**Exercise prompt:** In the records, find every line with the word "delicious" and copy it out.

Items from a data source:
┌──
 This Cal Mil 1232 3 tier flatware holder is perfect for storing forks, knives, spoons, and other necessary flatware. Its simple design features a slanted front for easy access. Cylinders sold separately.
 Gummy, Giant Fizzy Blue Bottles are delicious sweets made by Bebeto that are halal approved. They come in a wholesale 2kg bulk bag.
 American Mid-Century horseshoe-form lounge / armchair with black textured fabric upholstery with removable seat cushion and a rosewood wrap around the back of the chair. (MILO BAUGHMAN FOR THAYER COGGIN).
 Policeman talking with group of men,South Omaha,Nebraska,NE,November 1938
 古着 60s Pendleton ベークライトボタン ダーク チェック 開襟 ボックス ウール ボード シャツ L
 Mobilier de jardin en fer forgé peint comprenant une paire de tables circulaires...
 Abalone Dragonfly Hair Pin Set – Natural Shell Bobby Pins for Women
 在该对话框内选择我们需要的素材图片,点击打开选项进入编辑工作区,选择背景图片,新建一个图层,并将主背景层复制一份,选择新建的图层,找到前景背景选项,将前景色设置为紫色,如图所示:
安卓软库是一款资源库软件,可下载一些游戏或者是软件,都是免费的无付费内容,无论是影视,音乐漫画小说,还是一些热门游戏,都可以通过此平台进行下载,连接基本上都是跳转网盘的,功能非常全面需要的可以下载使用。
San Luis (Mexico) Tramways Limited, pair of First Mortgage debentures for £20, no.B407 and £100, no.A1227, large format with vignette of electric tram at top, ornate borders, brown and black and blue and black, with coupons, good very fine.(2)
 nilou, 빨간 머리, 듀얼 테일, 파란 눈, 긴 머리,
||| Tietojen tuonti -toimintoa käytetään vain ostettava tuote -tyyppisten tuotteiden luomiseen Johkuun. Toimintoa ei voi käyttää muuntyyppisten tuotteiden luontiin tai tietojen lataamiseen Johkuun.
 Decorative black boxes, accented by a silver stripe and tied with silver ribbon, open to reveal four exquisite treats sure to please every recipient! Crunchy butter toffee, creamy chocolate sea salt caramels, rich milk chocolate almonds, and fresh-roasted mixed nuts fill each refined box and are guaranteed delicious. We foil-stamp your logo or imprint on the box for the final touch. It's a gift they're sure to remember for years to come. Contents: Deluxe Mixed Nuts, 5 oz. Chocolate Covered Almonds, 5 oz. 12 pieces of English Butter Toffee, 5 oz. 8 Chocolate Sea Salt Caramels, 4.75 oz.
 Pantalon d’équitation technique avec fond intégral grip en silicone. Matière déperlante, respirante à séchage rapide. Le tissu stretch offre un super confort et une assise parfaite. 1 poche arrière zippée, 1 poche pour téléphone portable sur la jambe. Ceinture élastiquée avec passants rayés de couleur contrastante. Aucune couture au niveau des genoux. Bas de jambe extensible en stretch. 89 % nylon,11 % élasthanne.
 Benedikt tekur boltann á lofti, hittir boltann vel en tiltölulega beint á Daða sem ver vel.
└──
**Result below:**
 Gummy, Giant Fizzy Blue Bottles are delicious sweets made by Bebeto that are halal approved. They come in a wholesale 2kg bulk bag.
 Decorative black boxes, accented by a silver stripe and tied with silver ribbon, open to reveal four exquisite treats sure to please every recipient! Crunchy butter toffee, creamy chocolate sea salt caramels, rich milk chocolate almonds, and fresh-roasted mixed nuts fill each refined box and are guaranteed delicious. We foil-stamp your logo or imprint on the box for the final touch. It's a gift they're sure to remember for years to come. Contents: Deluxe Mixed Nuts, 5 oz. Chocolate Covered Almonds, 5 oz. 12 pieces of English Butter Toffee, 5 oz. 8 Chocolate Sea Salt Caramels, 4.75 oz.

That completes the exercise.